§ What to produce
Everything from the line containing "Блузка с заниженной линией плеча (красный)" down to the last line below should be set down exactly, and only that, without the pictures.

Data provided section start

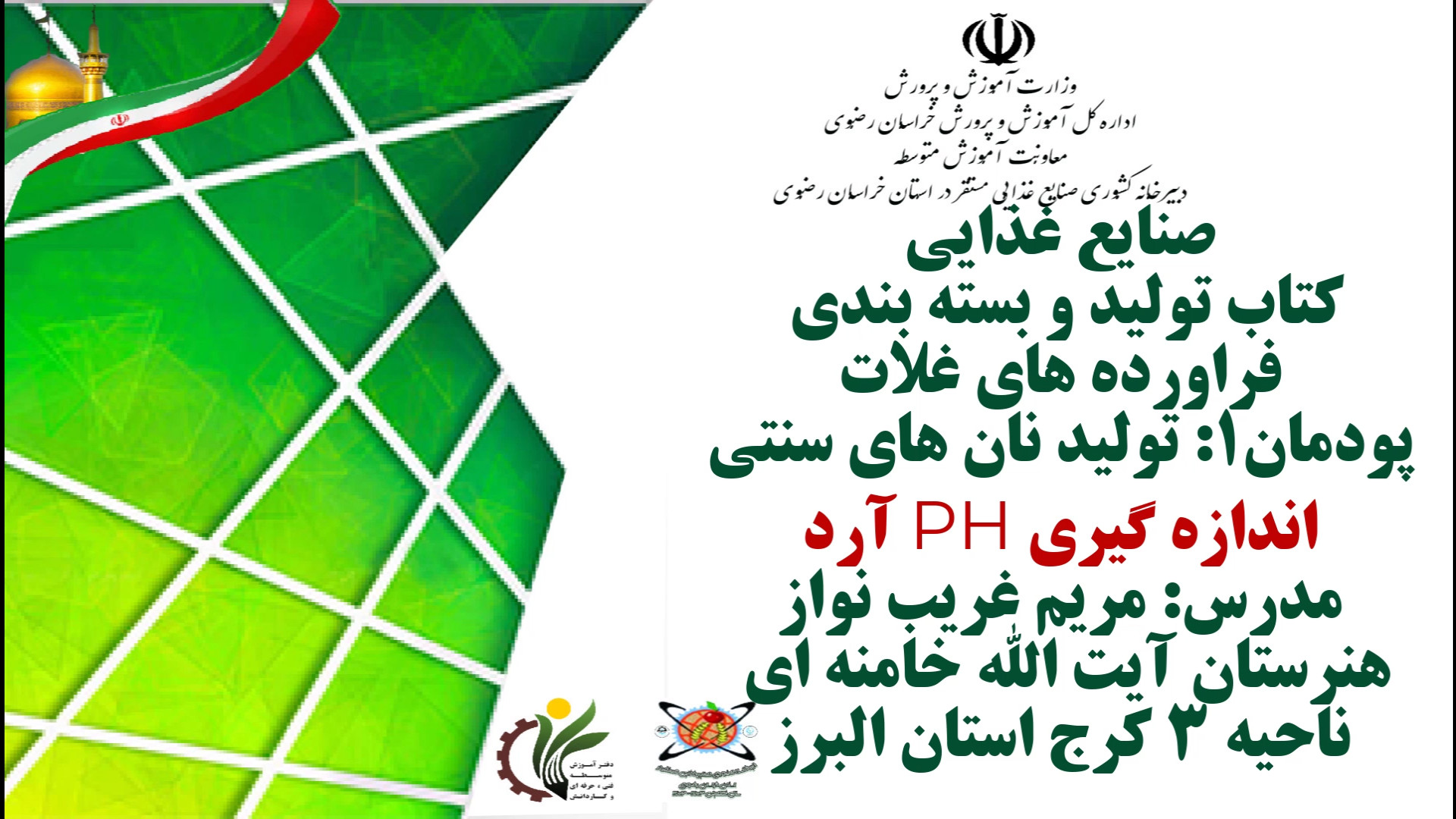 صنایع غذایی کتاب تولید و بسته بندی فراورده های غلات پودمان1: تولید نان های سنتی اندازه گیری PH آرد مدرس: مریم غریب نواز هنرستان آیت الله خامنه ای ناحیه 3 کرج استان البرز
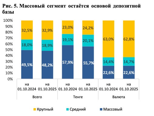 Массовый сегмент (депозиты до 15 млн тенге) по-прежнему остается основой рынка с долей 48,2% по совокупному депозитному портфелю и 55,7% по депозитам в национальной валюте.
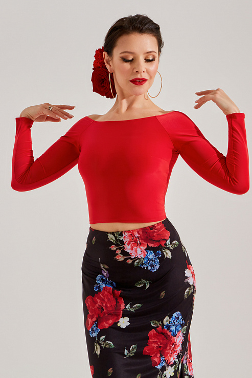 Блузка с заниженной линией плеча (красный)
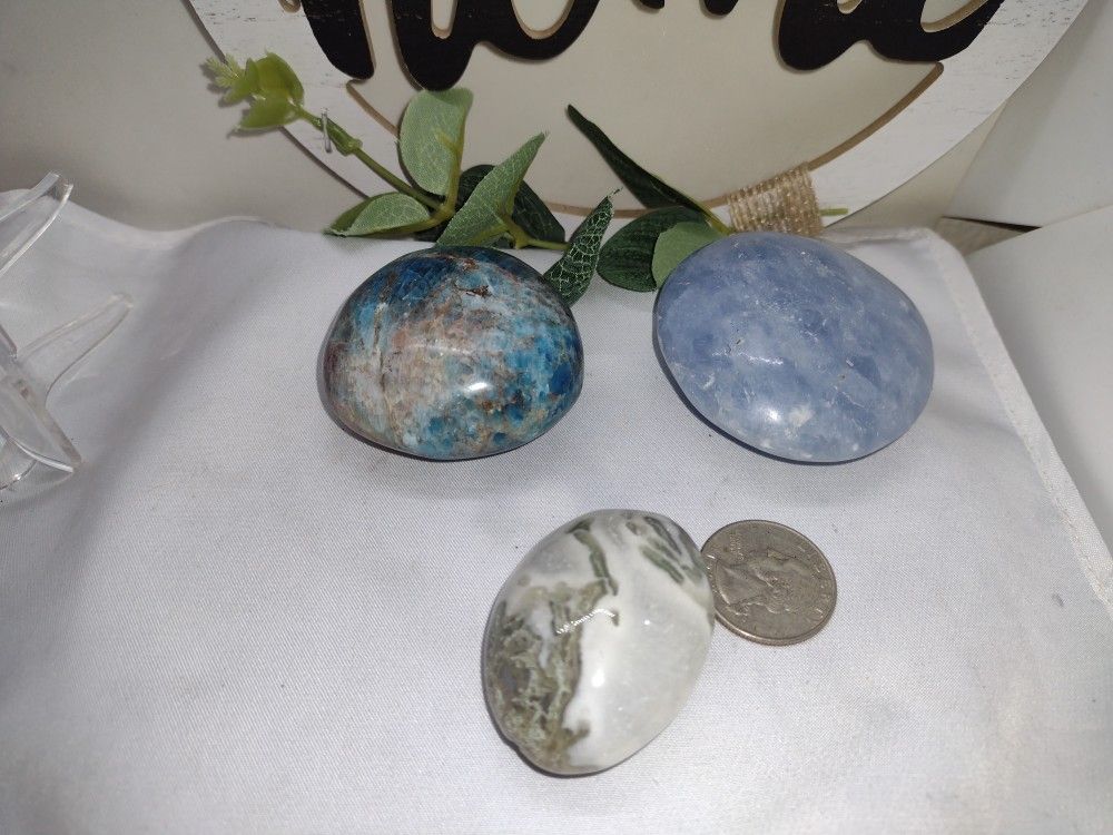Blue Apatite,Blue Calcite And Moss Agate Palm Stones

Data provided section end

§ Your solution
 Блузка с заниженной линией плеча (красный)
Blue Apatite,Blue Calcite And Moss Agate Palm Stones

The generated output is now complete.